Anyone here have rats as well as bunnys? I could use your insight. 
Thanks much


----------



## Korr_and_Sophie (Aug 17, 2009)

I think that they should be ok in the same room, but I would not let them interact. There are a few users here who have rats and buns. 

Putting a top on the cage should prevent him for escaping. If that's not possible, adding another panel (so it's 3 high) could help.


----------



## undergunfire (Aug 17, 2009)

You can have rats and rabbits in the same room....I do! I have a free-range bunny who likes to sit by the rat cage and watch the rats run around and eat.

I, however, would not let them interact together. My free-range bunny has to be locked up when the rats come out to play. He HATES it so much that one day he broke lose from the cube panel barrier. Well...let's just say there was about 5 rats chasing him around the room. The rats were actually pulling his fur out. Rats are so playful...that they think it is a game!! CHASE DA BUNNAAAAY!!!
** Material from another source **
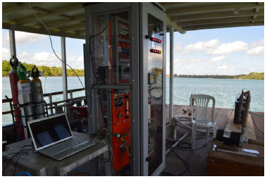 ![]() Figura 2. Equipamento de medição em tempo real da pCO2 em missão realizada em julho de 2015 no estuário do Rio Jaguaribe (foto: de Silva, A. R. F.)
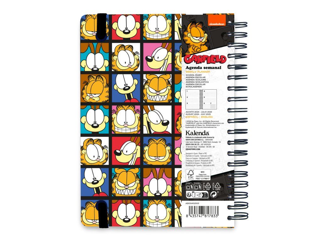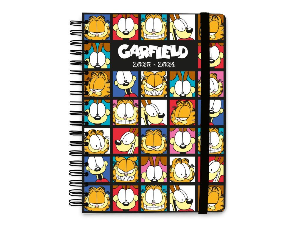Diář pro školní rok 2025/2025 od srpna do června s motivy Garfield. Součástí balení jsou 2 vyřezávané záložky a 1 stránka samolepek.Doplňkové parametry

I now have to be extra careful and make sure my barrier is strong. A quick kick from a rabbit can really injure a rattie.


----------



## Saudade (Aug 17, 2009)

Not to mention that rats can transmit Murine Leprosy through their bites.


----------



## undergunfire (Aug 17, 2009)

*Saudade wrote: *


> Not to mention that rats can transmit Murine Leprosy through their bites.


I am looking online and I have not seen anywhere how this applies to rats? I have also never heard of this before. Do you have a link to what this is?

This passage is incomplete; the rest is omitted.